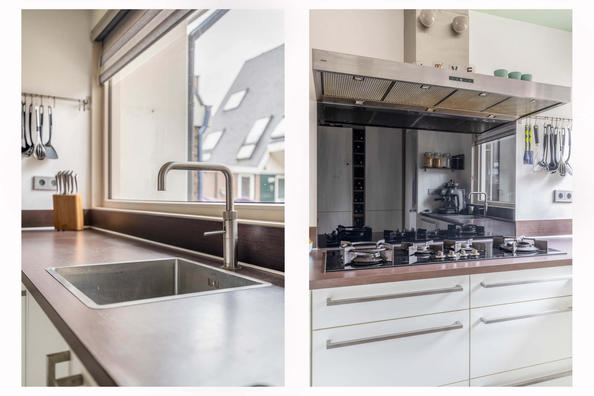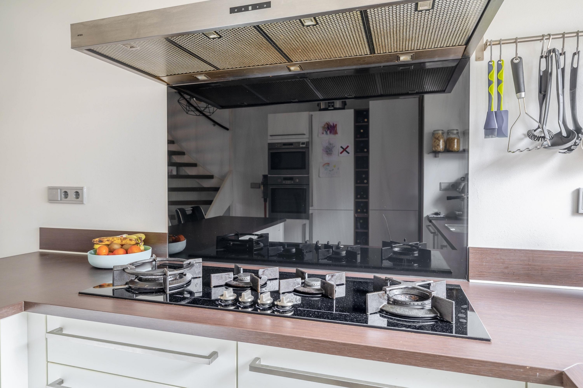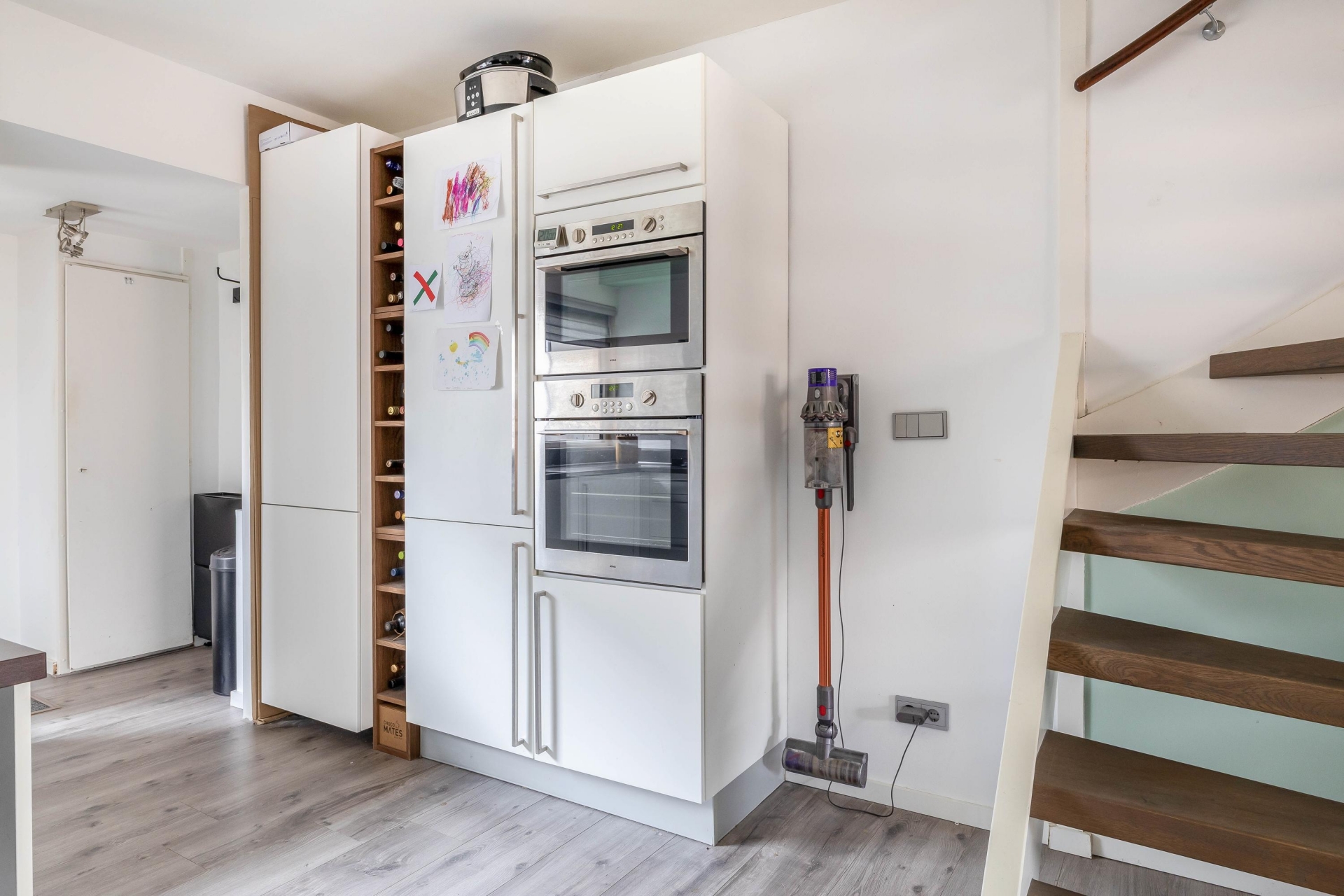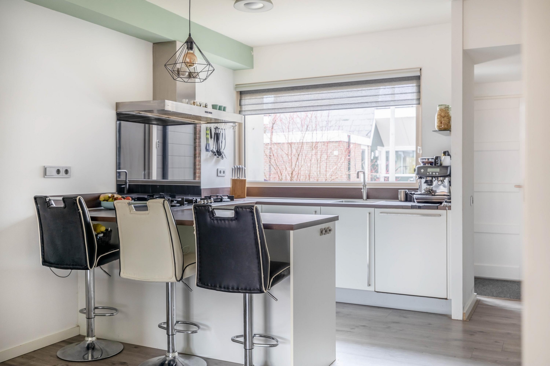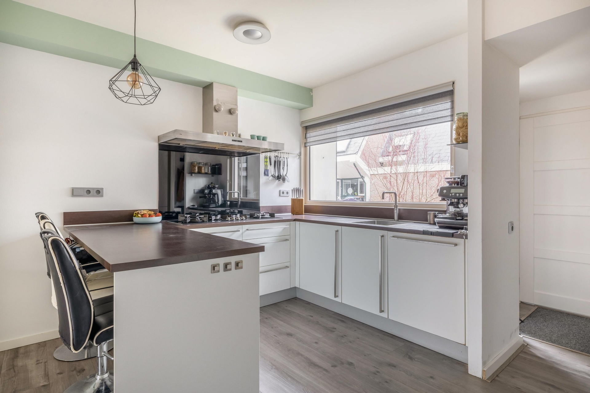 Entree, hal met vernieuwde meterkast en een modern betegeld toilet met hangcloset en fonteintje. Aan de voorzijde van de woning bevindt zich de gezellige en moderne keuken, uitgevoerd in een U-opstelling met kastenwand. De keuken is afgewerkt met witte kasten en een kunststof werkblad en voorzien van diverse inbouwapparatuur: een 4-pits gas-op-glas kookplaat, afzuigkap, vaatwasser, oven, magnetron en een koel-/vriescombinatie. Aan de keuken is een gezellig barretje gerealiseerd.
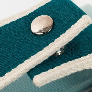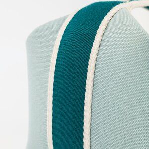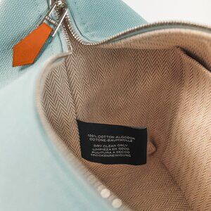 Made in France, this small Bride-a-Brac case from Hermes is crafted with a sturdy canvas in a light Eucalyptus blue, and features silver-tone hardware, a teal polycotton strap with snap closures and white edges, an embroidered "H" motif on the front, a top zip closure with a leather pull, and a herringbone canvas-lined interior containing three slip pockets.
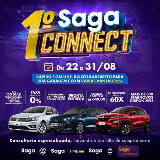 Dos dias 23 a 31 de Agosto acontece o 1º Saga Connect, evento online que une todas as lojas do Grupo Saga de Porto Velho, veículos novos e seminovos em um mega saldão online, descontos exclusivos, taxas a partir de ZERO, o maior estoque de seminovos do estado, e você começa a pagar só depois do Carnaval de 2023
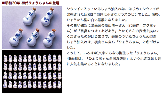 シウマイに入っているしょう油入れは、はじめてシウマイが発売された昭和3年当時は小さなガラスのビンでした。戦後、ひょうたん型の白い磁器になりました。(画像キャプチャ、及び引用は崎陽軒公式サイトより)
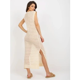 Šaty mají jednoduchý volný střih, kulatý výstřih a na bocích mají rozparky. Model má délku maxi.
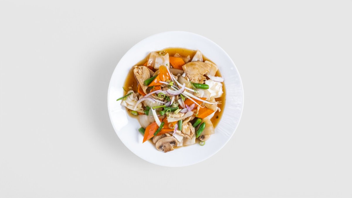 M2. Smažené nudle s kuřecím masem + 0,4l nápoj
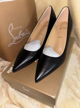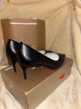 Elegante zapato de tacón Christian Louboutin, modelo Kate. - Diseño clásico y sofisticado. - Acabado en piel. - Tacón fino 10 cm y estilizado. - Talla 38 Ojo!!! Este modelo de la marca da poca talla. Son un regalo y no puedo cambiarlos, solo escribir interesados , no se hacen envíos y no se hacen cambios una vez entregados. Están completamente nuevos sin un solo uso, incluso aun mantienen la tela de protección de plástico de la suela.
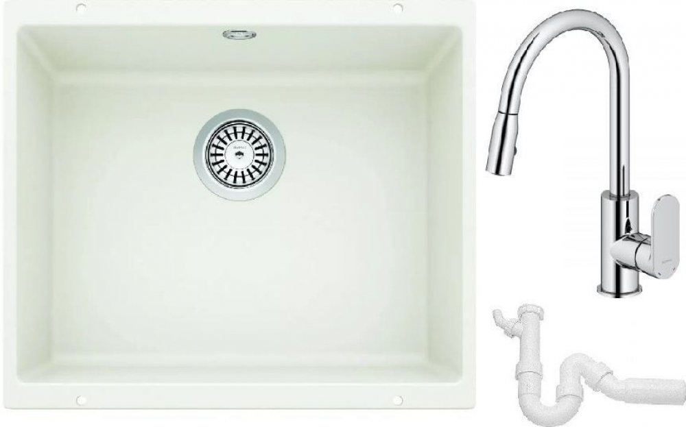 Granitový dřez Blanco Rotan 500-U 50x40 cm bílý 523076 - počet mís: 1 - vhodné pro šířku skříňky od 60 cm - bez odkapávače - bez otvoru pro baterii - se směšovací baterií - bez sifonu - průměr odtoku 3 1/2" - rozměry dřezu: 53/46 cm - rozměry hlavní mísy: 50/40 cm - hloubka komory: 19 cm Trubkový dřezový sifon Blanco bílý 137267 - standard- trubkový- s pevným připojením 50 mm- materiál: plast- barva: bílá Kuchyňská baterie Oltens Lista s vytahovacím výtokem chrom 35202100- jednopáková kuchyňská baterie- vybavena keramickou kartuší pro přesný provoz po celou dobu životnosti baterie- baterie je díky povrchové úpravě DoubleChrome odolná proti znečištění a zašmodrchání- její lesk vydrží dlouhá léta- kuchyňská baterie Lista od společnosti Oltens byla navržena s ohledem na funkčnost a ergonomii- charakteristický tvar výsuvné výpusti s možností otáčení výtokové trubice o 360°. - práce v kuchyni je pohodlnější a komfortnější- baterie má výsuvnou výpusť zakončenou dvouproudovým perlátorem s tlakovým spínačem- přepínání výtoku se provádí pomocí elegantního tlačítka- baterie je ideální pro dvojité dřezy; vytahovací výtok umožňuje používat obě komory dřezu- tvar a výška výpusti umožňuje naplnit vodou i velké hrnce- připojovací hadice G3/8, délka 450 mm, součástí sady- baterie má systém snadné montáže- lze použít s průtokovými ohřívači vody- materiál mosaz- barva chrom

====

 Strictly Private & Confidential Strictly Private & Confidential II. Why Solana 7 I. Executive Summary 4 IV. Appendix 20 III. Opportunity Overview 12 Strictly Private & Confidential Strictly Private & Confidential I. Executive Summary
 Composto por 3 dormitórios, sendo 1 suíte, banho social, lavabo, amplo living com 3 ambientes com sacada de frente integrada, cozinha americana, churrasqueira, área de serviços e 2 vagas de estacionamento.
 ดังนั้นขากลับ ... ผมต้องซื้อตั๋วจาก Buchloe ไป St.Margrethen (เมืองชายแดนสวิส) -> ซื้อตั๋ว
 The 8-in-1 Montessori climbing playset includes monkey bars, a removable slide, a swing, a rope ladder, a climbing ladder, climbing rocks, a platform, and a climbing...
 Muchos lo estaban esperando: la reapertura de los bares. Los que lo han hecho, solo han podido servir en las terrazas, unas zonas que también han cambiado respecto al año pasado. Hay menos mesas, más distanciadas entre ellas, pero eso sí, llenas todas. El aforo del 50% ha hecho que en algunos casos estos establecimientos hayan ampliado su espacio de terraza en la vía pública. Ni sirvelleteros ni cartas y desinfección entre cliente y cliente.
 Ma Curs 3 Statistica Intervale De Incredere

====

## Task item
In the records above, find the line with "Muchos lo estaban"; write out exactly that line and each one after it, stopping after the line with "Ma Curs 3 Statistica Intervale De Incredere".

## Solution for this task
 Muchos lo estaban esperando: la reapertura de los bares. Los que lo han hecho, solo han podido servir en las terrazas, unas zonas que también han cambiado respecto al año pasado. Hay menos mesas, más distanciadas entre ellas, pero eso sí, llenas todas. El aforo del 50% ha hecho que en algunos casos estos establecimientos hayan ampliado su espacio de terraza en la vía pública. Ni sirvelleteros ni cartas y desinfección entre cliente y cliente.
 Ma Curs 3 Statistica Intervale De Incredere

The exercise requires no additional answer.